Hier setzen die Lösungen von Kreisel Electric an. Das oberösterreichische Unternehmen sieht sich als „Solution Provider“ für die Industrie. Seine Technologien sparen den Kunden viel Zeit, Geld und Risiken. Kleinserien für Nutzfahrzeug-, Boot- oder Flugzeughersteller werden analog zu den Prototypen in Rainbach im Mühlkreis hergestellt. Die dafür erforderlichen Lithium-Ionen-Zellen liefert ein südkoreanisches Partnerunternehmen, dessen Produkte eine Zwischenlagerung am neuen Standort der Gefahrgutspedition Saexinger in Ennsdorf erfahren und auf Abruf mit ADR-Transporten der Fertigung zugeführt werden. Dem stehen im laufenden Jahr eine Produktionskapazität von 1.500 bis 2.000 Battery Packs und zahlreiche Prototypen – aus denen später Serienfahrzeuge werden sollen – gegenüber. Für Letztere benötige man bei ganz eiligen Transporten per Luftfracht eine Ausnahmegenehmigung des Verkehrsministeriums, womit in der Vergangenheit schon so mancher Spediteur überfordert gewesen sei, wie Markus Kreisel berichtet.
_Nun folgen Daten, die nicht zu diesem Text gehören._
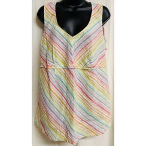 Motherhood Maternity Women Linen Top Blouse V-Neck Sleeveless Stripe Pink New
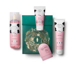 O Kit Presente Natal Cuide-Se Bem Deleite vem com quatro itens com a fragrância queridinha, embalados em uma caixa especial, sendo eles: body splash, loção desodorante corporal, creme de mãos e sabonete líquido.
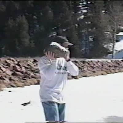 Teen boy starts to throw a big rock - he falls hard on ice instead. EXT. LAKE - ICE - WINTER - DAY
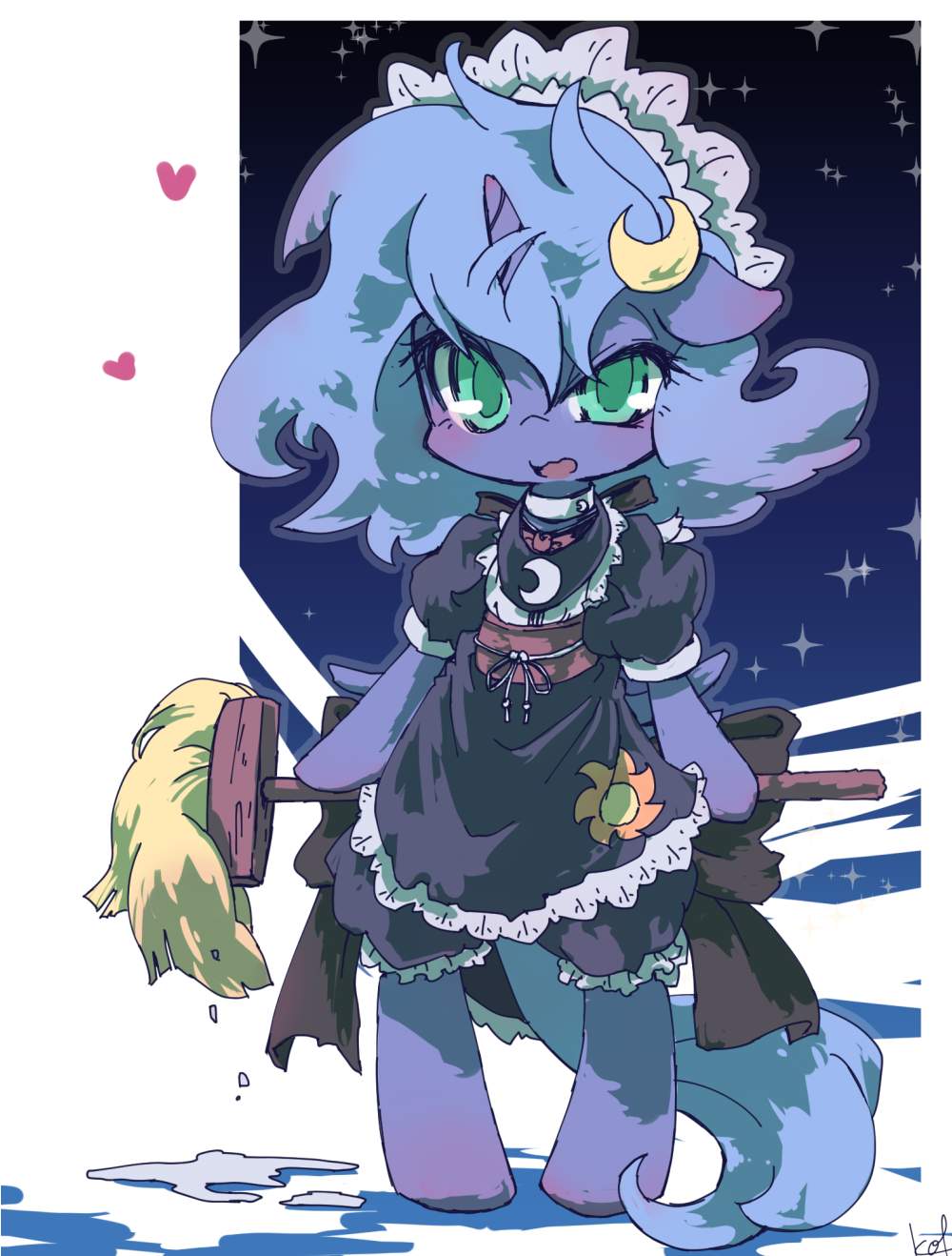 1girl black_dress blue_hair blue_tail commentary dress english_commentary full_body furry green_eyes heart highres holding holding_mop horns horse_girl kolshica maid maid_headdress medium_hair mop my_little_pony my_little_pony:_friendship_is_magic open_mouth princess_luna short_sleeves solo standing water white_headdress
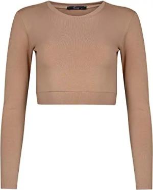Damen Crop Top Haut XL Langarmshirt aus Baumwolle Bauchfrei
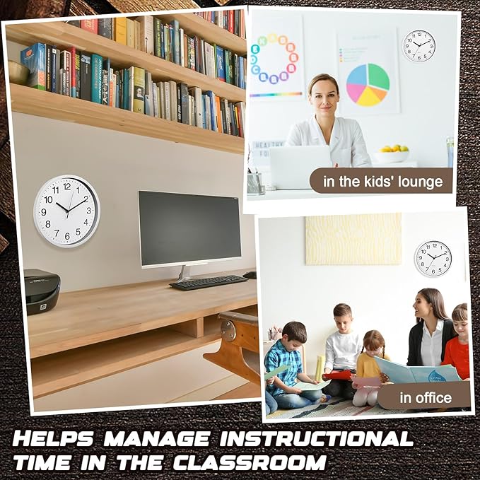 Inbagi 8 Pcs Wall Clock Large Silent Battery Operated Wall Clocks Modern Non Ticking Wall Clocks Bulk Decorative for Kitchen Office Living Room Home Bathroom Bedroom Classroom(White,10 Inch)
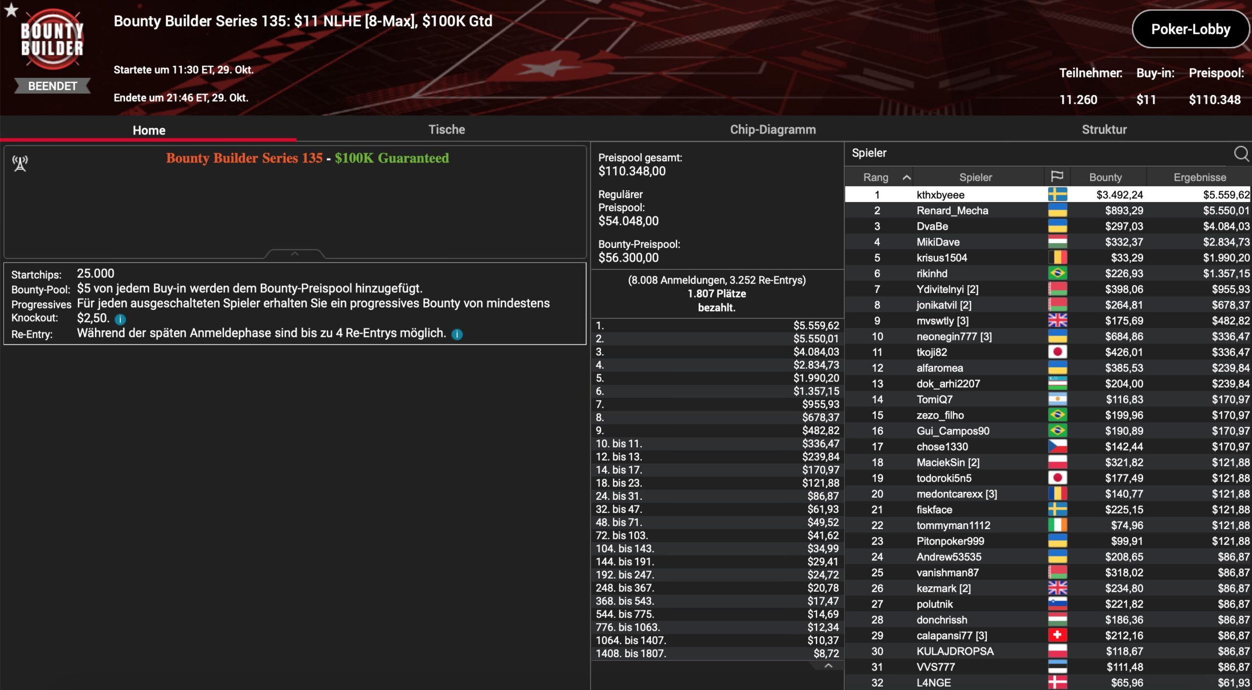 In den High Roller Turnieren konnten „HardiZ1„, Paul „_paul€FauL_“ Höfer, Roman „Gogac sniper“ Hrabec an Finaltischen cashen. Die besten Platzierungen fuhren „GHOSTFACE9.8“ als Runner-Up im PLO Sunday und Jakob „Succeed“ Miegel als Sieger im $530 Bounty Builder High Roller ein.
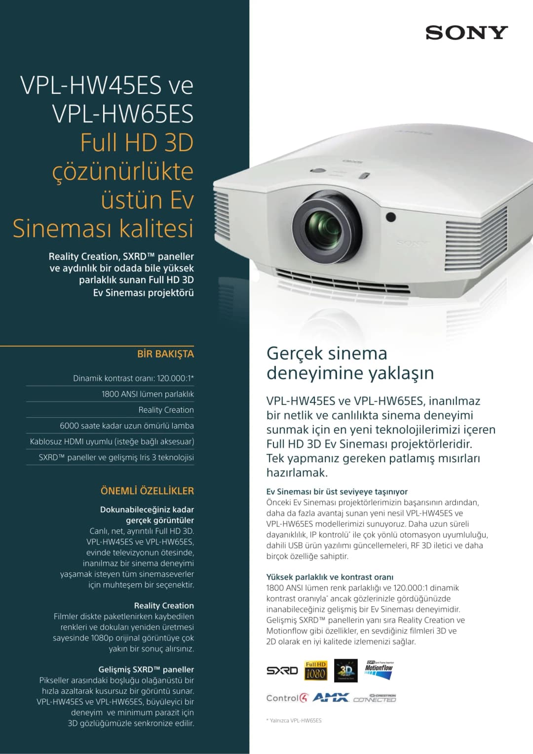 Sony VPL-HW45ES, Full HD 3D ev sineması kurulumları için tasarlanmış
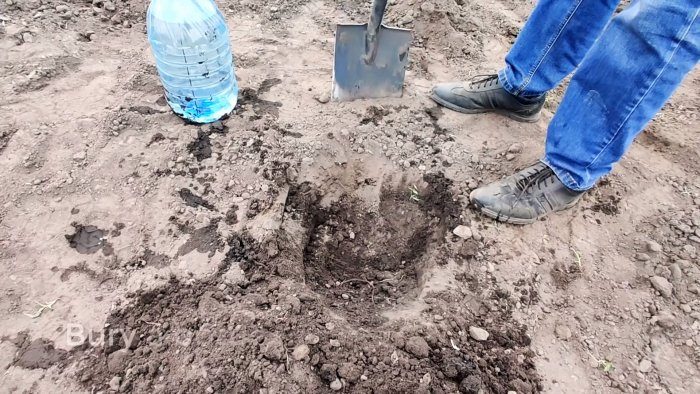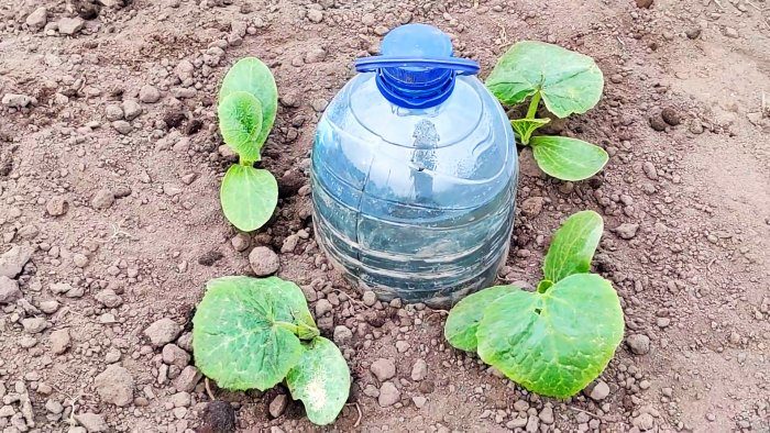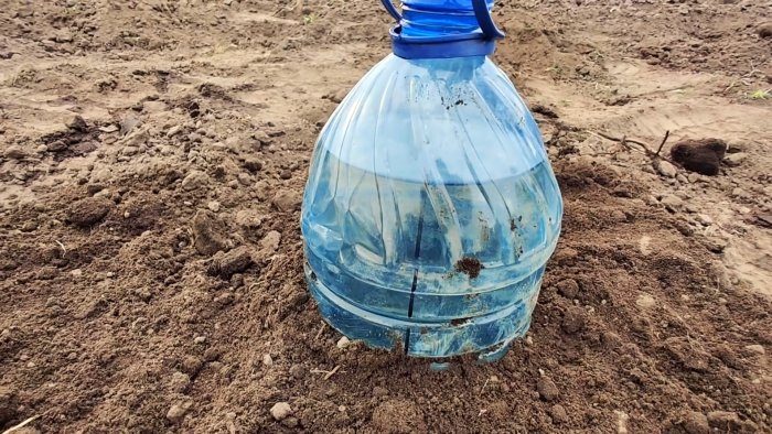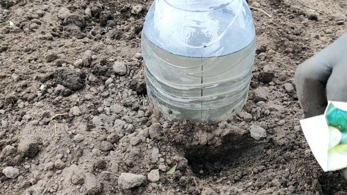 На грядке вырывается лунка, и в нее прикапываете бутыль, заполненный водой. Его следует углубить на 10-15 см. Крышка бутыли обязательно должна быть закрытой. Без нее вода будет утекать очень быстро.
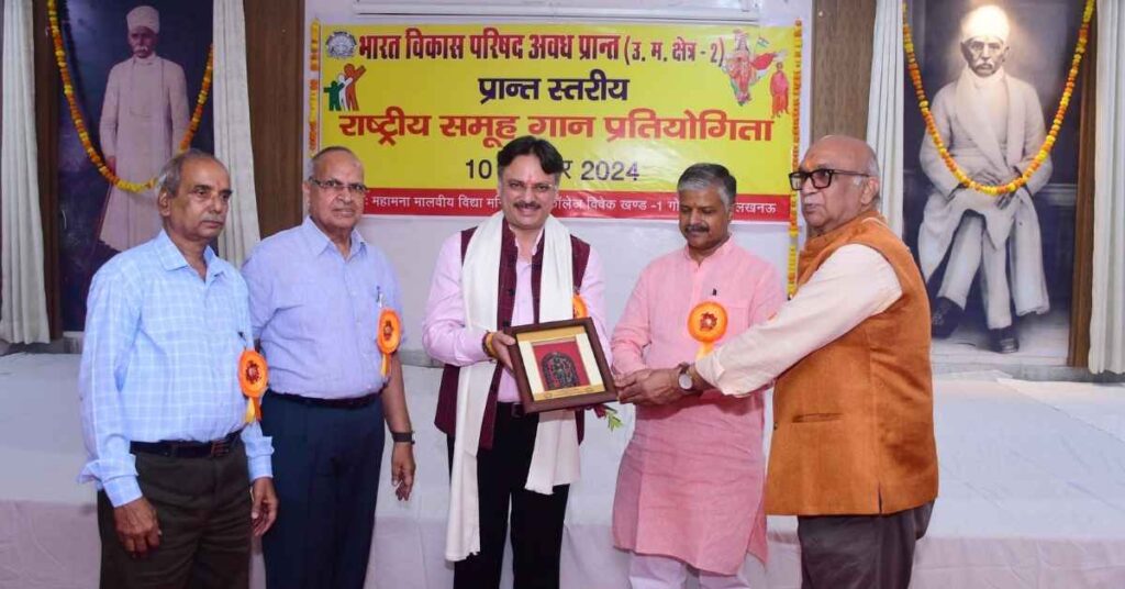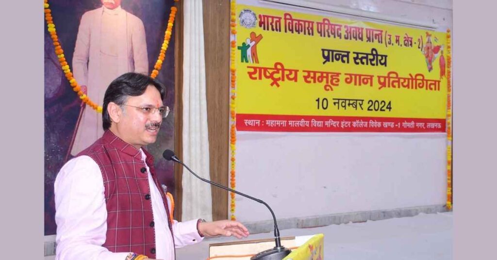 लखनऊ: रविवार को राजधानी लखनऊ के गोमतीनगर स्थित महामना मालवीय विद्या मंदिर इंटर कॉलेज में भारत विकास परिषद द्वारा प्रांत स्तरीय ‘राष्ट्रीय समूह गान प्रतियोगिता’ का आयोजन किया गया। कार्यक्रम में बतौर मुख्य अतिथि पहुंचे सरोजनीनगर विधायक डॉ. राजेश्वर सिंह ने प्रतिभागियों का उत्साहवर्धन और मार्गदर्शन किया। डॉ. सिंह ने भारत विकास परिषद के प्रयासों की सराहना करते हुए कहा कि पर्यावरण संरक्षण, ग्रीन और क्लीन एनर्जी को बढ़ावा देने के प्रयासों के प्रति जागरूकता फैलाने के भारत विकास परिषद के प्रयास सराहनीय हैं। परिषद द्वारा संचालित चिकित्सा व्यवस्थाओं और स्वास्थ्य सेवाओं को डॉ. सिंह ने अनूठी मिसाल बताते हुए कहा जितना ज्यादा स्वास्थ्य के प्रति जागरूकता होगी देश उतना ही आगे बढ़ेगा। युवा वर्ग जितना स्वस्थ होगा उतना बेहतर प्रदर्शन करेगा।

Stückgüter schickt Kreisel Electric mit Dachser Austria auf die Reise, Paketsendungen mit der Österreichischen Post und mit UPS. GO! Tansport & Logistics betreut die eiligen Expresstransporte in Europa, Transbritannia ist der Partner für Teil- und Komplettladungsverkehre. Logistikleiter Oliver Mausz bewertet den Kundenservice der Systemanbieter als verbesserungswürdig. „Das gilt insbesondere für die Erteilung von Auskünften bei Problemen“, nennt er ein Beispiel. Lob zollt er dem Internet-Portal der Österreichischen Post. Wenig Freude bereitet ihm der Umstand, dass manche Logistikdienstleister mehr versprechen als sie dann halten. Da werde nicht immer ehrlich gespielt, lautet sein Resümee. Auch in puncto Innovationen sieht er in der Logistikbranche noch Luft nach oben.

Kreisel Electric ist – wie bereits erwähnt – aus einem Zufall heraus entstanden. Genaugenommen gab der Vater der drei Kreisel-Brüder mit dem Kauf eines Pkw mit Elektroantrieb den Impuls dafür. Das animierte Johann, Markus und Philipp Kreisel zur Umrüstung zunächst ihrer eigenen Fahrzeuge. Außenstehende wurden auf sie aufmerksam und erteilten ihnen die ersten Aufträge für die Ausstattung von Pkw mit einem Elektroantrieb. Irgendwann ließ sich das mit der beruflichen Tätigkeit im eigenen Elek-trofachhandelsgeschäft mit 30 Beschäftigten in Freistadt nicht mehr in Einklang bringen. So schlug 2014 die Geburtsstunde von Kreisel Electric, wobei der elterliche Betrieb mit Zugehörigkeit zum Red Zac-Verbund nach wie vor besteht.